Quello che colpisce, nella svolta, è l’assenza di dati e analisi a sostegno dell’inversione di rotta. Può darsi che, nelle previsioni ufficiali che gli uffici tecnici della Bce forniranno fra un mese, le paure si materializzino, ma, per ora, numeri, indici e grafici – come riconosce, contraddicendosi, la stessa Lagarde – dicono il contrario. Il 5 per cento di gennaio fa impressione, ma la Bce – come ha ripetuto la stessa Lagarde – guarda non ai dati mese per mese, ma al percorso a medio termine: dove sarà l’inflazione fra un anno, due anni, rispetto al parametro del 2 per cento? E gli economisti di Francoforte hanno ripetuto fino a ieri che l’impennata attuale andrà avanti ancora per qualche mese, ma, a partire dall’estate gli indici scenderanno decisamente al 2 per cento e anche sotto. Del resto, per metà la corsa dei prezzi è determinata da un elemento esogeno, il caro energia, e le autorità monetarie non hanno nessuna incidenza sui prezzi di petrolio e metano. Ma non c’è il rischio che i rincari in corso aprano una rincorsa salariale che trasformi un’inflazione spinta da elementi esterni in una inflazione che si autoalimenta? No, ed è la stessa Lagarde a dirlo: un po’ di recupero salariale, dopo la pandemia, sarebbe dovuto, osserva la presidente della Bce, ma, per ora, non se ne vede traccia.
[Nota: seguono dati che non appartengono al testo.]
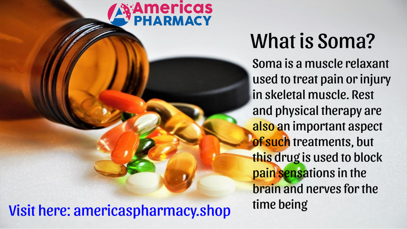 Soma is a muscle relaxant used to treat pain or injury in skeletal muscle. Rest and physical therapy are also an important aspect of such treatments, but this drug is used to block pain sensations in the brain and nerves for the time being. Make sure to read all about it before you buy soma online and use it. Buy Soma Online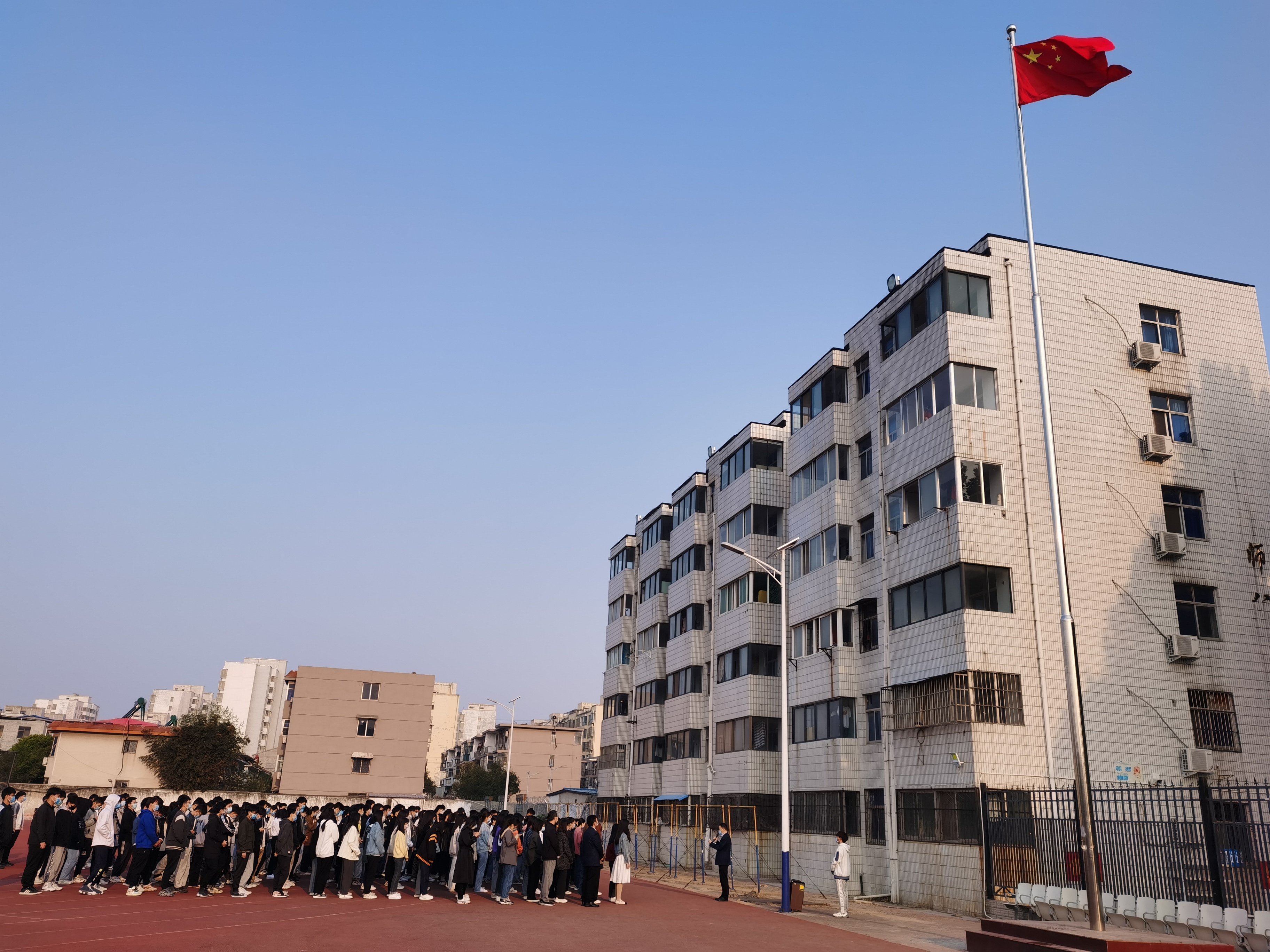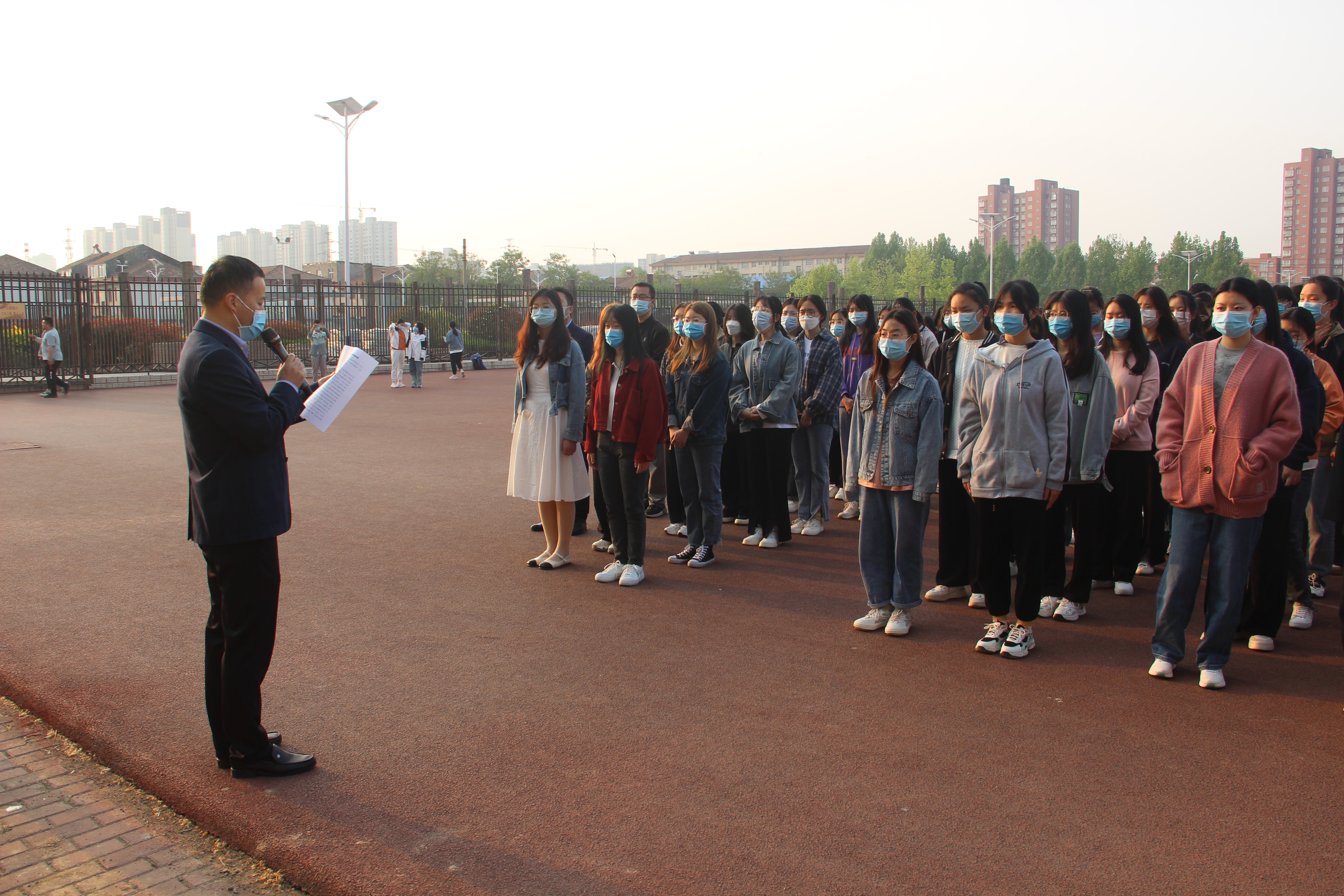 首先进行了庄严的升旗仪式,全体师生共唱国歌并行注目礼,鲜艳的五星红旗迎着朝阳冉冉升起,象征着伟大祖国的日益繁荣昌盛。接着,员工代表乔佳俊进行发言,号召同学们在新冠肺炎疫情十分严峻的情况下,要更加紧密团结在党中央的周围,砥砺奋进,开拓进取,为社会主义事业贡献自己的力量。随后,员工代表高锦华、张石林朗诵《我们的党》,慷慨激昂的朗诵使本次升旗仪式达到了高潮,更加坚定了同学们跟党走的信念。

Insomma, per quello che si può vedere, la svolta della Bce è, soprattutto, una operazione politica, più che dettata dall’economia. A metterci la firma, del resto, una intervista pubblica del governatore della banca olandese, Klas Knot, uno dei più conservatori nel Consiglio della Bce, dove si auspica esplicitamente una stretta monetaria entro la fine dell’anno. Le prossime settimane saranno, dunque, di scontro a Francoforte e dintorni, intorno al tentativo di calare questa indicazione politica nella realtà dei dati. Ma già ora, c’è chi si interroga su natura e portata della stretta annunciata. Perché lo 0,5 per cento in più (in due rate, a dicembre e a marzo, fa capire Knot) nei tassi di interesse è già un colpo durissimo per una ripresa ancora molto fragile nella Ue. Ma, se davvero la Bce si ponesse l’obiettivo, come traspare dalle parole dello stesso Knot, di domare, qui e ora, un’inflazione 2022 al 4 per cento (anche se magari destinata a restarci solo per pochi mesi), allora, nota Erik Nielsen, consulente economico Unicredit, lo 0,5 per cento in più non basterebbe a frenare i prezzi. Il rischio – è la conclusione – è gelare di colpo un’economia, che, invece, si raffredderebbe da sola.